Titles That Sell Versus Those That Don’t, a Quantitative Analysis
[When you] model the relationship of every word against all others, a strange and wonderful mathematical order emerges within our language.

Let’s see if we can find some interesting differences between top and bottom selling book titles; we will use the “Amazon Sales Rank” system along with word-embedded vectors to help us get there.
Take a look at the “Title” column in the following two tables. The first table shows eight-word titles that sold well on Amazon books and the second table shows those that didn’t. See any patterns?
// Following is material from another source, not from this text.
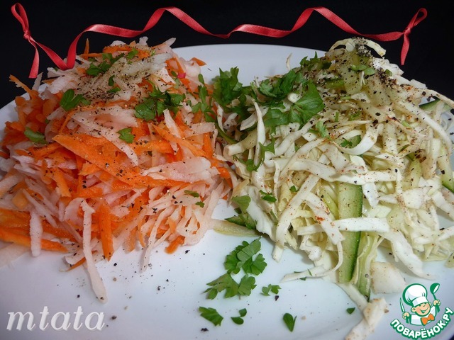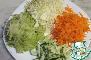 Капусту нашинковать. Морковь и редьку потереть на крупной тёрке.

If you didn’t catch any obvious differences, don’t worry, it’s a bit subtle. But before we go there, what’s with the eight-word titles?
The Eight-Word Title, the Ultimate Title Length for Success
Turns out, after taking a 10,000 sample of top-ranking titles and averaging the number of words, we get: 8.53 words. When we do the same with the bottom ones, we get 6.07 words. Thus, a title between 8 and 9 words is the perfect length for success.
Using Cosine Distances to Understand a Title’s Signature
Now here comes the interesting part. If you average the cosine distance between each embedded-word vector (a lot more about what that means below), you get a higher distance on top titles than on bottom ones.
4.1 average cosine distance for top titles
3.9 average cosine distance for bottom titles
In simple terms, it means that titles made up of words that are less synonymous with each other tend to do better. And when you consider that the top titles have an average of two extra words in them, you start seeing the pattern that people prefer titles that convey more meaning (really?).
The Amazon Sales Rank and the Word-Embedded-Vector-Distance Relationship
We know that the first table lists hot book titles, their small Amazon sales rankings in the second column confirms that. The opposite goes for the second table, those are laggards and it’s confirmed by their very large Amazon sales rankings.
The last column of both tables is the ‘Word Distance Sum’, which is the sum of the cosine distance of each word-embedded vector in the title. OK, what the heck is a word-embedded vector?
Word-embedded vectors have been one of the biggest boons in the natural language processing (NLP) world in the last decade. The word-vector distance is a linear substructure of the word-vector space. When you take a very large corpus (think all of Wikipedia) and model the relationship of every word against all others, a strange and wonderful mathematical order emerges within our language.
Here is the famous example from Tomas Milkov et al and word2vec modeling technique that has captured the imagination of every NLP amateur out there:

It shows that the distance relationship between gender, tenses, etc. can be captured quantitatively. For example, once you have captured the word-embedded vector distance for a country to its capital, you can unlock the country/capital for all other countries using that same distance key (for more, see Vector Representations of Words). It doesn’t end on standard idiomatic categories, made up ones work just as well. Trask modeled the Harry Potter series and extracted all sorts of cool information using word-embedded vectors:
the word “password”… revealed a list of passwords to the Gryffendor Common Room. (Trask: https://iamtrask.github.io/2014/11/23/harry-potter/)
Word-Vector Similarity and Cosine Distances
Another important yield from using word-embedded vectors is to use a distance metric to extract similarities within text. The closer the distance (i.e. the smaller the word-vector distance), the more similar the words. This, in turn, can be used as a powerful, context-sensitive thesaurus engine. Here, I used the cosine similarity distance metric to measure the space between each word in the title.
[If] a title is too short and uses too many synonymous words, it will be harder to know what the heck the book is about…
And that’s the differing pattern you may have noticed in both tables above. The first table is sorted by word-vector distances in descending order, so it will show the titles with the richest, most complex meanings, where each word isn’t very synonymous with its surrounding words. The second table is sorted by word-vector distances in ascending order, thus the ones made up of close synonyms. If you look closely, you’ll notice that the words are much longer in the first table than in the second one.
Conclusion
In the digital world, a title is the equivalent of a traditional book cover; it has to work a lot harder to convey meaning. This is even a bigger deal in the era of stock-art images; they don’t necessarily yield clues about a book’s content so the title has to work that much harder.
This does make intuitive sense, if your title is made up of close synonyms and is too short, it may not have the necessary information to attract potential readers. The key takeaway here is if a title is too short and uses too many synonymous words, it will be harder to know what the heck the book is about…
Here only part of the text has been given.